Oyster farmer Greg Martino quickly won the Tisbury select board’s approval for a one-acre shellfish farm in Lagoon Pond this week, bringing to three the number of aquaculture licenses in town.

Mr. Martino’s plan to grow oysters and bay scallops on the site near the shellfish hatchery was endorsed by harbor master John Crocker, shellfish constable Danielle Ewart and fellow aquaculturist Jeffrey Canha, one of the first two Lagoon Pond oyster farmers to receive licenses from the town earlier this year.

“I’m in 100 per cent support of the project. I think it’s fantastic,” Mr. Canha said. “We [three oyster farms] should be pumping and filtering upwards of 20 million gallons of water a day in the Lagoon in a couple of years,” Mr. Canha added. “Oysters are aquatic engineers.”

Mr. Martino and his brother Dan are co-founders of Martino’s Seafood, which operates the Cottage City Oysters farm in Vineyard Sound outside the Lagoon in Oak Bluffs. The new license also is in the name of Martino’s Seafood.

Among other business Wednesday, select board members heard a presentation from town building inspector Ross Seavey on revenues from registering and inspecting short-term rentals.

So far, 136 short-term rental units have been registered with the town, bringing in a total of $15,640 in fees designated for the town’s infrastructure fund, Mr.

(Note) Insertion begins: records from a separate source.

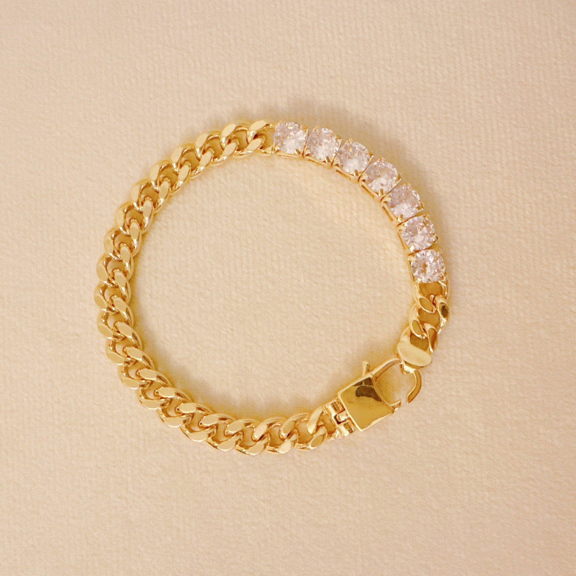 Add a touch of modern glam to your wrist with our City Glam Chain Bracelet. The sparkling stones and cuban chain create a chic and stylish look that's perfect for any occasion. Elevate your jewelry game with this sophisticated piece.
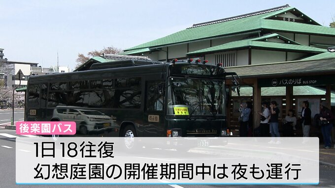 「後楽園バス」は約30分間隔で1日18往復し、幻想庭園の開催期間中は、夜も運行されます。運賃は片道120円。現在は、現金か、一部のICカードのみでの支払いとなっていますが、今年中にクレジットカード決済にも対応する予定だということです。
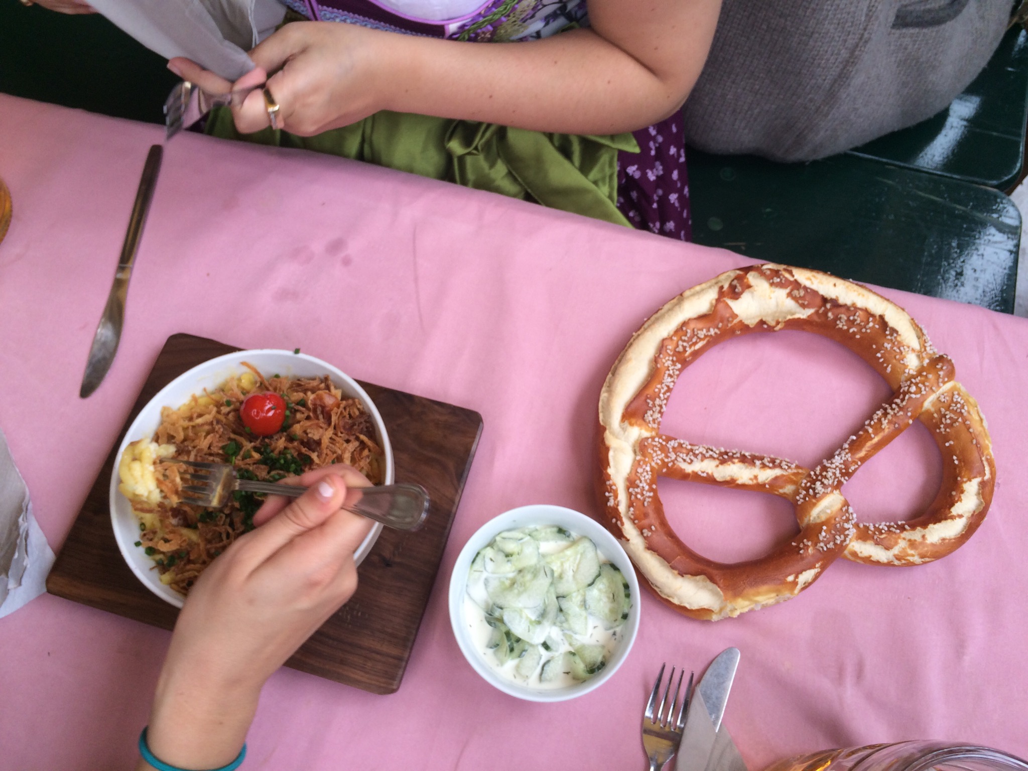 We sneak our way in, 3 girls in dirndls are hard to deny, and walk around this open space. It is exactly as one would picture a German beer garden. As we walk in a big party leaves and we grab the table. Our waitress arrives and asks what we want in German. All the menus are in German and my Spanish minor is no help here. She struggles through some English translations which we are thankful for. We order 3 steins, a huge pretzel and a kasespatzle. Kasespatzle is basically mac and cheese with crispies on top. It came with a cucumber dill salad.

Seavey said.

Another $10,200 in inspection fees, which are $75 a visit, went to the Tisbury general fund, he said.

Host Compliance, the outside firm contracted to find and notify unregistered short-term rental hosts of their obligations to the town, has identified a total of 221 short-term rentals in Tisbury, while the state has a list of 356, Mr. Seavey said.

“Clearly, they’re missing units,” he said of Host Compliance, which charges the town $19,800 a year.

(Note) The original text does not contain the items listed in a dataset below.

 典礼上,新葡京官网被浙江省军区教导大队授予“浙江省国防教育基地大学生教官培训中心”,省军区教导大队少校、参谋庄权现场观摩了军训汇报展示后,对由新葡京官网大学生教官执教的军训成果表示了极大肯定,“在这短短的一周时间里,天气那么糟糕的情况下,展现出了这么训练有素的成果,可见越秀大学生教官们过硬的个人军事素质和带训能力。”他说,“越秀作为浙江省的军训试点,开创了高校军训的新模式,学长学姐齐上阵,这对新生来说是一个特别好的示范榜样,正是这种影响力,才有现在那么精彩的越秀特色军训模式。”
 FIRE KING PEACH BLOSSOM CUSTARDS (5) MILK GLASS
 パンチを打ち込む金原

The board agreed with Mr. Seavey’s recommendation to drop Host Compliance at the end of its contract in February and have the town follow up on the state’s list of properties, continuing to mail notices to property owners.

Inspections to date have turned up some recurring problems at short-term rental properties, Mr. Seavey said.

Common issues included missing or non-functioning smoke detectors, dirty dryer vents, kitchens without fire extinguishers and bedrooms in excess of what the septic system allows, he told the board.

Inspectors — Mr. Seavey and his assistant building inspector, fire chief Greg Leland and his deputy chief — have also identified at least four illegal apartments and are working with the owners to either remove or legalize them, Mr. Seavey said.

“We’re getting onto some of these places that have been flying under the radar and avoiding the legal ways to make apartments,” he said.

Mr. Seavey also said his department plans to inspect short-term rentals every other year, instead of annually.

Updated wastewater discharge regulations will take effect with the board’s approval of changes recommended by wastewater superintendent Jared Meader.

The revised regulations specify in detail what can’t be discharged into the wastewater collection system, and also give Mr. Meader the power to enforce the rules.

Some restaurants in town still lack grease traps, Mr. Meader told the board, but there are enough alternative technologies now available to them — such as a chiller, now in use at Noman’s in Oak Bluffs, that renders grease solid enough to dispose of in the garbage — that he felt comfortable stiffening the regulations.

Also Wednesday, the board set a price ceiling of $75 on its new collectable coins commemorating the town’s 350th anniversary. Sales of the coins will benefit the school building project.

A limited edition of 350 coins were created, assistant town administrator Alexandra BenDavid said, at a cost of $12.26 each.

The coin will be available through a network of local merchants in the Vineyard Haven Business Association and the Vineyard Haven Harbor cultural district, town administrator Jay Grande said.

The board appointed seven members to the town’s new climate committee and agreed to expand the committee to nine members at the next meeting.

Mr. Crocker presented a preliminary drawing of a proposed replacement for the Owen Park dock. The draft varies only slightly from the current T-shaped design, widening the main pier to a consistent 10 feet throughout its length and adding a dock attendant’s shack at the T.

Ms. Ewart announced the town’s scallop season dates, with a caveat.

“It’s not going to be a good year for scalloping, unfortunately,” she said.

Recreational scalloping outside the ponds and in Vineyard Haven Harbor opens Nov. 6, inside Lagoon Pond Nov. 13-14 and in Lake Tashmoo Nov. 20.

The ultra-short season in the lagoon is a nod to tradition, Ms. Ewart said. “We’re not seeing a lot [of scallops there].”

The commercial season opens Nov. 8 outside the ponds and in the harbor, Dec. 6 in Tashmoo.